藍桐はベッドから出て素早くラフな外出着に着替える。私も外出着に着替えて、鍵とスマートフォンだけ持って二人で部屋を出る。
駅前のマクドナルドに向かって歩いていく。まだ夏の本番を迎えていないこの時期の早朝の空気は執筆明け澱んだ身体を清めてくれる。早起きして後悔したことはないのに、朝は起きれないのでこの空気は中々味わえない。
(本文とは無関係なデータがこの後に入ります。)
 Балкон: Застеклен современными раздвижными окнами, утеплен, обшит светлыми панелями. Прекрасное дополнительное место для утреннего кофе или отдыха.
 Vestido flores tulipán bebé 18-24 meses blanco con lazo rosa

目的の店に着くと客はまばらだった。休日の朝の時間帯はこんなものだろう。注文を済ませ、二人分の朝食を受け取って席に座る。藍桐はソーセージマフィンとサイドサラダとアイスコーヒーのセット。私がマックグリドルベーコンエッグとハッシュポテトとアイスコーヒーのセット。
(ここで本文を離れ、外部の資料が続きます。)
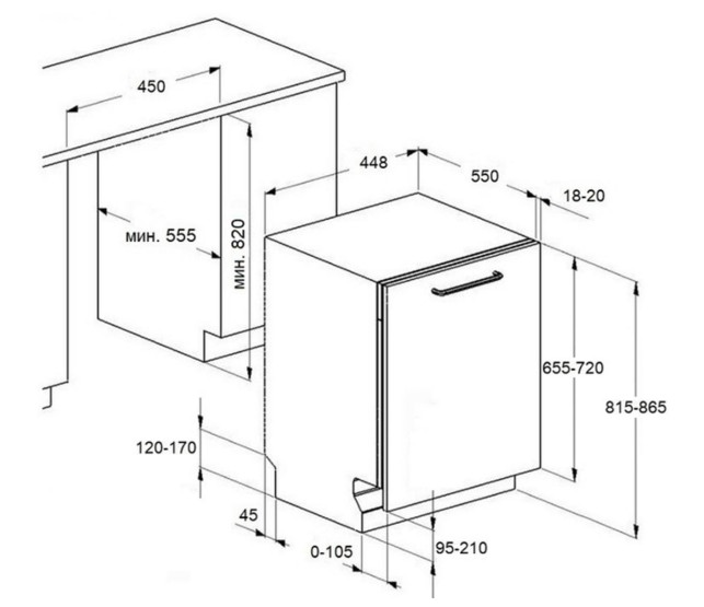 Схема встраивания для посудомоечной машины Maunfeld MLP45535 Light Beam

いっせいに二人してかぶりつく。ベーコンの塩気とパンケーキの甘みが全身に染みる。塩気と甘みと油をアイスコーヒーで流し込むと不健康に身体と脳が喜んでいる。
「あのさ、」
「ん?」
大きな一口を咀嚼して藍桐が話しかける。
「无諦が初めてマック食べてるのを見た時、かなり衝撃的だったんだよね!」
「どういうことだ」
「无諦もこんな庶民的なもの食べるんだって!」
「そんなに箱入りに見えるか?」
「ものすごいお坊ちゃんだと思ってるわけではないんだけどさ! なんか俗っぽすぎるっていうか!」
普通にマックを食べて育ったが、藍桐はまた何か私に夢を見ていたらしい。いつものことなので、適当に聞き流す。
「でも食べるのは下手だよね?」
「まあそれは
……
」
口の可動域が小さいのか、昔からハンバーガーの類を食べるのが下手だった。藍桐と食べると私の方ばかり汚れてしまう。
「だってほら、また口の端にパンくずついてる」
藍桐が身を乗り出して私の口の端を拭う。子供のような扱いにアイスコーヒーを音を立てて啜った。